Longest Increasing Subsequence Problem and Its Duality

In this post I will give some algorithm problem from Google OA as well as Leetcode and my thoughts on them.
Our main problem here will be the OA problem appeared in the OA practice of Google Intern 2020 Online Assesment.

Problem Description

Problem Removed due to DMCA issue.

Thoughts

Original Problem

Patience. Deal cards $c_1, c_2, …, c_n$ into piles according to two rules:

• Can’t place a higher-valued card onto a lowered-valued card.
• Can form a new pile and put a card onto it.
  Goal. Form as few piles as possible.

Dual Problem

The dual problem for this is Longest increasing subsequence. And the Problem is defined as: Given a sequence of elements $c_1, c_2, …, c_n$ from a totally-ordered universe, find the longest increasing subsequence.

Duality Proof

• Greedy Algorithm
• Place each card on leftmost pile that fits.
• Observation.

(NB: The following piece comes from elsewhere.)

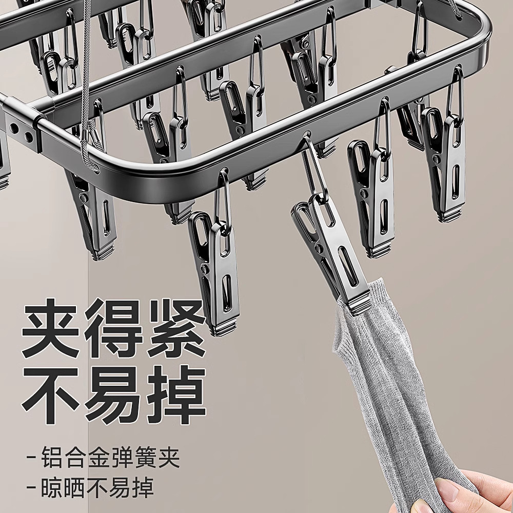 不锈钢袜子晾晒架多夹子家用无痕挂架内衣内裤晾衣架阳台防风神器

At any stage during greedy algorithm, top cards of piles increase from left to right.
• Weak duality.
• In any legal game of patience, the number of piles ≥ length of any increasing subsequence.
• Proof.
  1. Cards within a pile form a decreasing subsequence.
  2. Any increasing sequence can use at most one card from each pile.
• Strong duality
• [Hammersley 1972]Min number of piles = max length of an IS; moreover greedy algorithm finds both.
• Proof.
  Each card maintains a pointer to top card in previous pile at time of insertion.
  1. Follow pointers to obtain IS whose length equals the number of piles.
  2. By weak duality, both are optimal.

Conclusion
The length of longest increasing subsequence is equal to the smallest number of decresing subsequences.

Solution

Greedy Algorithm + Binary Search Algorithm

Time complexity: $O(n\log n)$

#!/usr/bin/env python3
from typing import List

def get_min_row_num(student_height_arr: List[int]) -> int:
    # greedy and binary search
    tail_list = [0] * len(student_height_arr)
    size = 0
    for height in student_height_arr:
        # i: start index of rows
        # j: end index of rows
        i, j = 0, size
        while i != j:
            m = int((i + j)/2)
            # note here we need <= to ensure in each row is strictly decreasing
            # according to the problem description
            if tail_list[m] <= height:
                i = m + 1
            else:
                j = m
        tail_list[i] = height
        size = max([i+1, size])
    return size


def main():
    assert get_min_row_num([5, 4, 3, 6, 1]) == 2
    assert get_min_row_num([5, 4, 4, 3, 6, 1]) == 3

if __name__ == '__main__':
    main()

DP

Time complexity: $O(n^2)$

#!/usr/bin/env python3
# view it as a LNDS problem
from typing import List

def get_min_row_num(student_height_arr: List[int]) -> int:
    # DP, convert to Longest Non-decreasing Subsequence Problem (LNDS)
    # memo[i] LNDS including ending with arr[i]
    n = len(student_height_arr)
    if n == 0:
        return 0
    memo = [1]*n
    for i in range(1, n):
        for j in range(i):
            if student_height_arr[i] >= student_height_arr[j]:
                memo[i] = max([memo[i], memo[j]+1])
    return max(memo)


def main():
    assert get_min_row_num([5, 4, 3, 6, 1]) == 2
    assert get_min_row_num([5, 4, 4, 3, 6, 1]) == 3

if __name__ == '__main__':
    main()

Related Problems

• 300. Longest Increasing Subsequence
• Google | Summer Intern OA 2019 | Decreasing Subsequences
• 72. Edit Distance (in sense of DP for Leetcode 300)
  • $x = c_{1}c_{2}\cdots c_{n}$.
  • $y = $ sorted sequence of $c_k$, removing any duplicates.
  • Mismatch penalty = $\infty$; gap penalty = $1$.
• 674. Longest Continuous Increasing Subsequence

Interesting Related Algorithm

• Patience sorting
  • Deal all cards using greedy algorithm; repeatedly remove smallest card.
  • For uniformly random deck, time complexity: $O(n^{3/2})$
  • ([Persi Diaconis]Patience sorting is the fastest wayto sort a pile of cards by hand.)

Reference

• DP slides from Princeton CS 423 (Patience solitaire)